Second, according to the paper, employers may perceive that participating in the auto-IRA program has a high administrative cost relative to the cost of running and controlling their own employee-sponsored plan.
“Although auto-IRAs are advertised as ‘free’ to employers, we expect that an auto-IRA program has a positive, though likely small, cost to the firm—the employer faces the administrative burden of registering for the program initially, automatically enrolling new employees, and facilitating the payroll deductions,” the researchers wrote.
Meanwhile, certain “behavioral factors” may also play a role, ranging from how business owners view the state programs to being persuaded by marketing from small plan providers.
“Third party ESRP administrators have responded to these state policies through targeted marketing, designed to convince small business owners to comply with the mandate by offering an ESRP rather than participating in the auto-IRA,” the team wrote. “It is possible that this marketing was particularly successful and effectively altered decision-makers’ perceptions of the costs and benefits of both ESRPs and auto-IRAs.”
Future Possibilities
According to the Georgetown Center, numerous other states are either getting ready to implement or are considering state-facilitated retirement programs. Meanwhile, a federal retirement mandate has been floated that could get a hearing again in 2025 depending on the result of fall U.S. elections. Representative Richard Neal, D-Massachusetts, the ranking member of the U.S. House Committee on Ways and Means, proposed earlier this year the Automatic IRA Act of 2024, which was followed quickly by retirement industry support.
Vestwell’s Schumm supports that bill and any legislation that would expand “individuals’ access to savings across the country,” and he does not anticipate the Automatic IRA Act would have a negative effect on the state programs.

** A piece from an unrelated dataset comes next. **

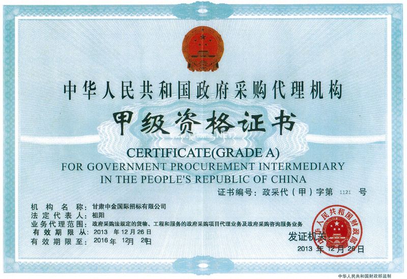 甘肅中金國際招標有限公司成立于2011年11月,注冊資金500萬元,于2012年5月取得由省財政廳頒發的政府采購代理機構乙級資質(政采代【乙】字第甘022號),并于2013年12月取得由中華人民共和國財政部頒發的政府采購代理機構甲級資質(政采代【甲】字第1121號),在2016年1月取得由甘肅省住房和城鄉建設廳頒發的工程招標代理機構乙級資質(F262005074);2015年4月取得機電產品國際招標代理資質,僅在短短幾年內成為本行業發展速度最快的公司之一。 甘肅中金國際招標有限公司由海外留學回國學生擔任核心領導,公司下設商務部、工程部、財務部及辦公室等業務部門,目前公司在職員工50余人,其中本科以上學歷占50%以上,擁有中高級國家技術職稱人員為19人。公司地處蘭州市繁華地段,交通非常便捷;辦公環境優良,擁有寬敞明亮的開標大廳、評標會議室和會客室;計算機網絡管理辦公系統,實現了全方位的辦公自動化;同時,公司擁有一支具有豐富招標經驗的專業團隊,憑借過硬的專業知識、積極主動的服務意識、科學嚴謹的工作作風服務于省內各行政機關、企事業單位,在招標服務過程中,我們兢兢業業,踏實工作,嚴格遵守國家規定和程序進行相關招標服務,受到了眾多業主及投標人的一致好評。 中金公司將以高效率、高質量及好服務為各業主單位和投標人提供優質和專業的招標服務。

“The bill, in its current form, does not affect workers currently enrolled in a state-facilitated plan,” he says. “Ultimately, the more awareness brought to the savings crisis, the closer we will realize our mission of closing the savings gap.”
The paper, “Why Do Employers Establish Retirement Savings Plans? Evidence from State ‘Auto-IRA’ Policies,” was written by researchers Adam Bloomfield of the Georgetown University Center for Retirement Initiatives; Lucas Goodman who was with the Office of Tax Analysis, at the U.S. Department of Treasury when the research was done; Mania Rao of the AARP Public Policy Institute and the Georgetown Center; and Sita Slavov of George Mason University and National Bureau of Economic Research.